EDUCATION - Il s'agit d'Aix-Marseille Université, Condorcet paris-Auvervilliers et Campus de Saclay...
Valérie Pécresse a annoncé ce vendredi que trois nouveaux projets universitaires -
«Aix-Marseille Université», «Condorcet Paris-Aubervilliers» et Campus de Saclay - allaient bénéficier de
la deuxième vague du Plan Campus et qu'un quatrième lauréat serait choisi ultérieurement.
Le «Campus Condorcet Paris-Aubervilliers» (dont l'Ecole des hautes études en sciences sociales, les universités Paris I, VIII, Paris XIII entre autres), le seul construit ex nihilo, devrait être desservi par le futur arrêt de la ligne 12 du métro. Il comprendra une bibliothèque numérique, des kiosques, des bars et des logements, y compris pour les professeurs invités. Il serait érigé sur 100.000 m2 et destiné à accueillir 6.000 étudiants dès 2012. Trop flou sur les partenariats noués, le financement et le pilotage, le projet avait été retoqué au premier tour. Depuis, la copie a été revue.
Le sort de Paris intra muros toujours pas scellé
Idem pour le projet du plateau de Saclay (Paris XI, Ecole centrale Paris, Ecole Polytechnique etc), jugé trop dispersé, qui s'est recentré cette fois. Et pour celui d'Aix-Marseille (Pôle de recherche et d'enseignement supérieur (Pres) Aix-Marseille Université), qui souffrait d'un déficit de desserte.

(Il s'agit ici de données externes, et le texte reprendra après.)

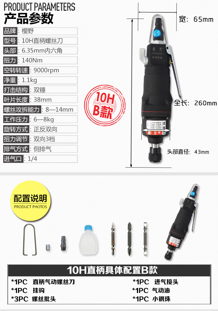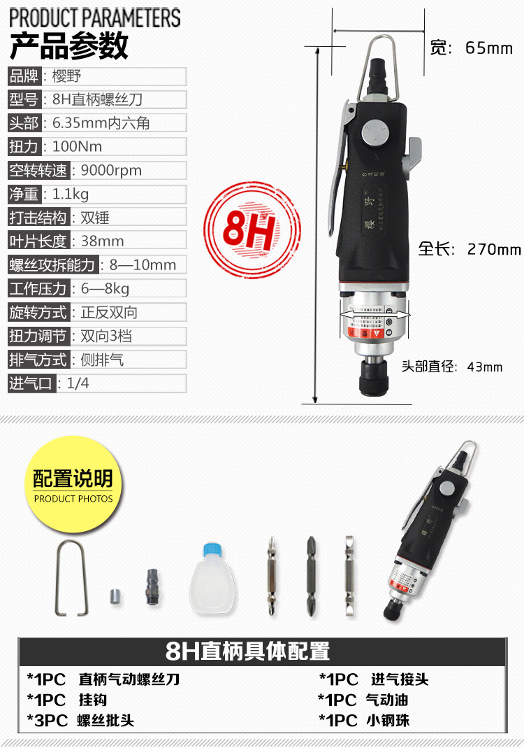 Powerful 8H10H Pneumatic Screwdriver Straight Wind Screwdriver Straight Wind Moving Woodworking Impact Screwdriver Screwdriver Screwdriver
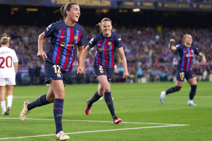 A legutóbbi idényben döntős Barcelona a múlt héten csaknem 40 ezer néző előtt 1–0-ra nyert idegenben az olasz bajnoki éllovas AS Roma ellen. A hazai visszavágóra több mint 54 ezer szurkoló volt kíváncsi a Camp Nouban, ahol a katalánok már a szünetre háromgólos előnyt építettek ki maguknak – a múlt szombati el Clásicon győztes gólt szerző Fridolina Rolfö két találata között az egyik középhátvéd, Mapi León lőtt egy óriási gólt.
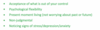 Mr Clarke calls you on the phone because his chronic neck pain has been worse after he helped his sister move house. He has been on morphine for over a year at the same dose, and repeatedly asks for an increase in the dosage. What factors in this case might be hindering Mr Clarke's recovery?
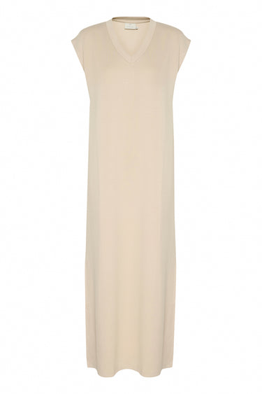 OBS! Fjernlager. Levering kan blive forlænget med 2-3 dage, hvis varen ikke findes i vores butik lige nu.Helt enkel maxi kjole fra Kaffe med v-udskæring i halsen og slidser i siderne.
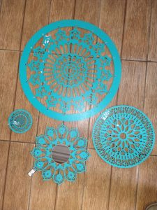 A artesã Vera Cassador, de Pedreira, criou mandalas utilizando como material a madeira de reflorestamento. Suas peças podem ser penduradas na parede ou dispostas sobre um móvel. Com a metade de uma mandala ela criou um porta-chaves e por cores vivas, como o amarelo e o azul celeste.
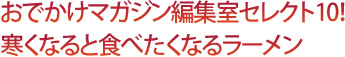 通年で人気のラーメンですが、とくに寒い季節になると「ラーメン欲」が増すのはおでかけマガジン編集室スタッフに限ったことではないと思います。そこで、編集室スタッフと出入りするライター、カメラマンによる「お気に入り」をご紹介します。立ち寄ったならぜひ!
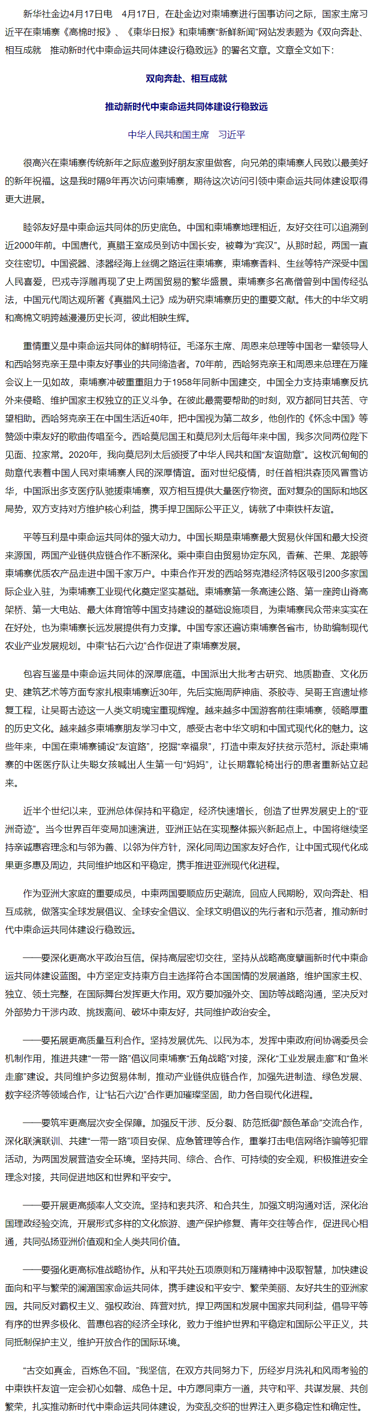 習(xí)近平在柬埔寨媒體發(fā)表署名文章
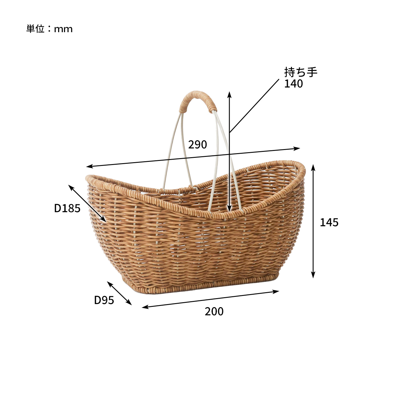 | サイズ | 約 w290×d185×h145mm(持ち手h140mm) 重量:約 420g |
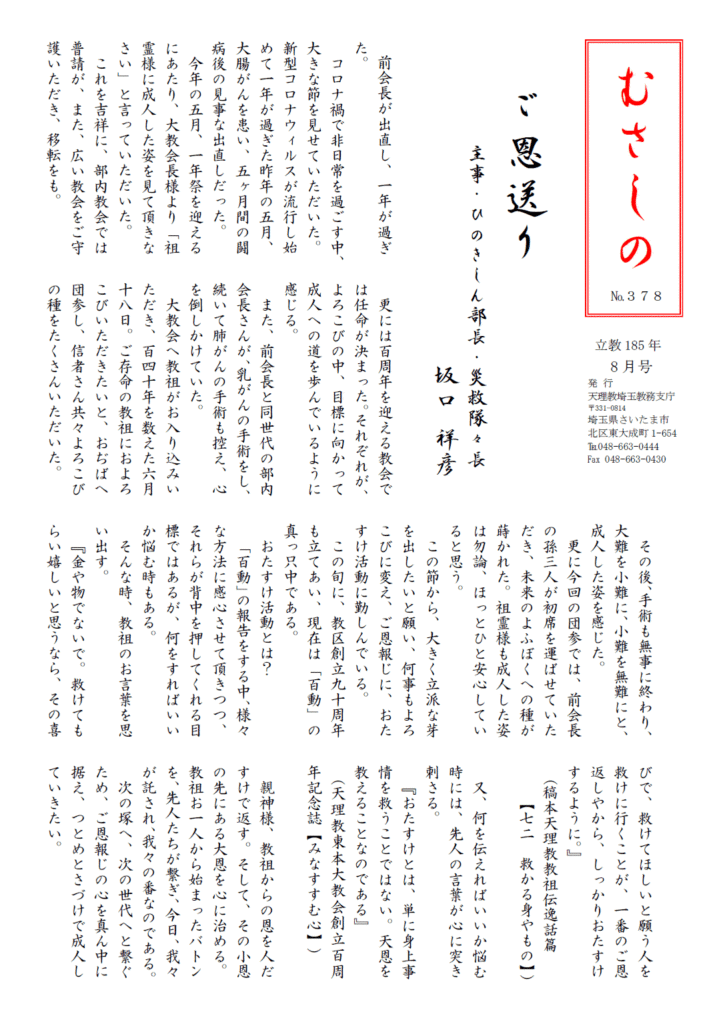 むさしの 立教185年7月号 アップしました

Pour Paris intra muros, où la situation immobilière est plus compliquée, une partie de la dotation du plan Campus sera «réservée et attribuée définitivement (... ) au vu des conclusions» d'une mission d'audit commandée par la ministre, selon le ministère. Deux grands ensembles avaient émergé: Quartier latin et Paris Centre. Pour Jean-Louis Missika, adjoint au maire en charge du dossier, «ce serait un scandale qu'aucun de ces projets ne soit retenu, la capitale étant le cœur de la vie universitaire du pays».
5 milliards d'euros en tout
Promesse de campagne de Nicolas Sarkozy, le Plan Campus a pour but de rénover l'immobilier des campus universitaires et de recherche et de les rendre plus attractifs sur le plan international. Sa dotation, à terme, doit se monter à 5 milliards d'euros.
Lors de la première vague de sélection, Valérie Pécresse avait choisi le 29 mai
six grands projets, tous en province: Bordeaux, Toulouse, Lyon, Montpellier, Strasbourg et Grenoble. Ils impliquent 19 universités, 17 écoles, des organismes de recherche, 340.000 étudiants et 13.000 chercheurs.